Cancer has become a major cause of death in modern society. New cancer cases are estimated to increase to 22.2 million by 2030. Many chemotherapeutic drugs, such as irinotecan, target the p53 pathway in rapidly dividing cells. However, chemotherapeutic drugs possess little discrimination between normal and cancer cells since they target DNA replication, a normal physiological process. Many studies indicate that cancer and normal cells prefer different glucose metabolic pathways. Cancer cells rely mainly on glycolysis while normal cells prefer the oxidative phosphorylation (OXPHOS). We hypothesise that manipulating the known metabolic programme of cancer cells to follow the OXPHOS pathway experienced by normal cells may alleviate side effects experienced by normal cells and accelerate cancer cell death. In order to enhance OXPHOS optimal pyruvate levels were used. To investigate the effect of this on normal and cancer cell division, cell viability and cytotoxicity was measured in real-time using xCELLigence technology. Flow cytometry was then used to determine the mode of cell death and cell cycle changes induced by the various treatments.

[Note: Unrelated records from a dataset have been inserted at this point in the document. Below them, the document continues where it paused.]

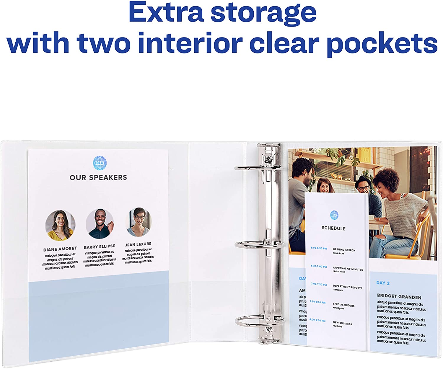 - Extra storage with 2 interior clear pockets; all Economy binders are made with nonstick PVC-free material—no ink transfer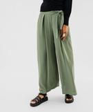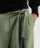 Pantalon large et fluide à taille élastiquée et liens à nouer femme vert clair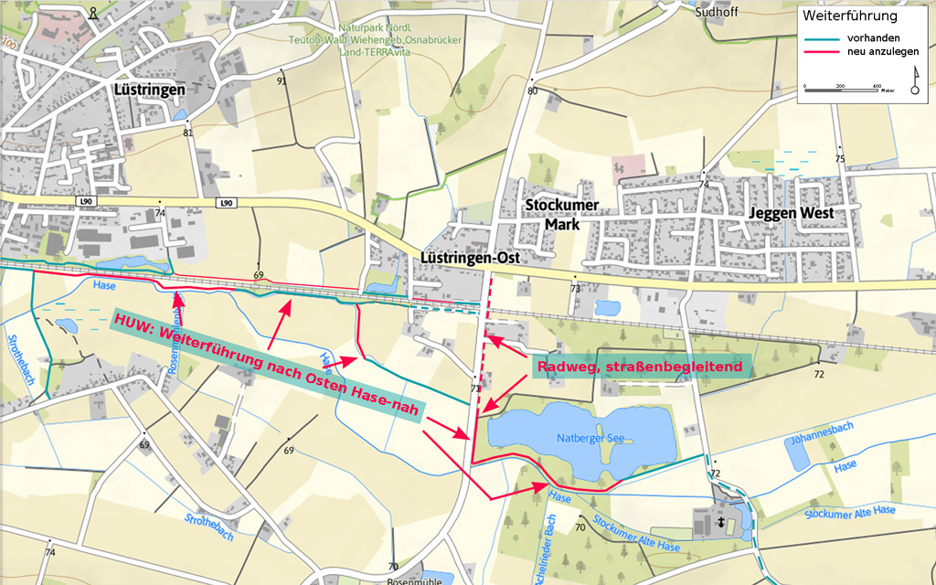 Die landschaftlich schönere, harmonischere und flussnähere Führung zwischen Hase und Natberger See fällt wohl dem Schutz der Natur zum Opfer. Nicht ganz glücklich über die sich abzeichnende Routenführung muss man allerdings zugestehen, dass dadurch ein bisher zusammenhängendes Gebiet als solches erhalten bleibt. Ein positiver Nebeneffekt der jetzt geplanten Route wird sein, dass die Menschen, die längs der Mindener Straße siedeln, einen sicheren Weg zur Arbeit, zum Einkaufen oder zum Spazierengehen und -fahren bekommen.

In order to characterise the molecular bases of this, differential gene expression upon treatment with the various drugs was measured by RT-PCR and Western blot analysis. Furthermore, we conducted microarray analyses using the Human Cancer PathwayFinder array to determine pathways affected by the drug combination in A549 lung fibroblast cancer and a normal lung fibroblast (MRC-5). Differentially expressed genes with a fold change ≥ 2 were analysed by PANTHER, GeneMania and Reactome. Overall, this study shows that the reversal of the metabolic program in A549 and MDA-MB 231 cancer cells with chemotherapeutic agents accelerates the death of cancer cells while promoting the survival of normal MRC-5 cells. However, in the breast cancer cell line, MDA-MB 231 with mutant p53, it is observed that

inhibition of proliferation is by another cell death mechanism. RT-PCR and western blot analyses indicate that introduction of exogenous methyl pyruvate enhanced the p53/p21 axis of the apoptotic pathway resulting in cancer cell death. While promoting survival in MRC-5 normal lung fibroblast cells by turning off the p53/p21 axis of the apoptotic pathway. Furthermore, the introduction of exogenous methyl pyruvate promotes MRC-5 cell proliferation by modulating the expression of RBBP6 isoform 1 and isoform 3. Microarray analysis indicates alterations in specific genes promote the survival and growth of MRC-5 normal cells and death of A549 lung cancer cells. This knowledge may provide an opportunity to protect patients who undergo chemotherapy from the harsh side-effects and increase the success rate of chemotherapeutic drugs.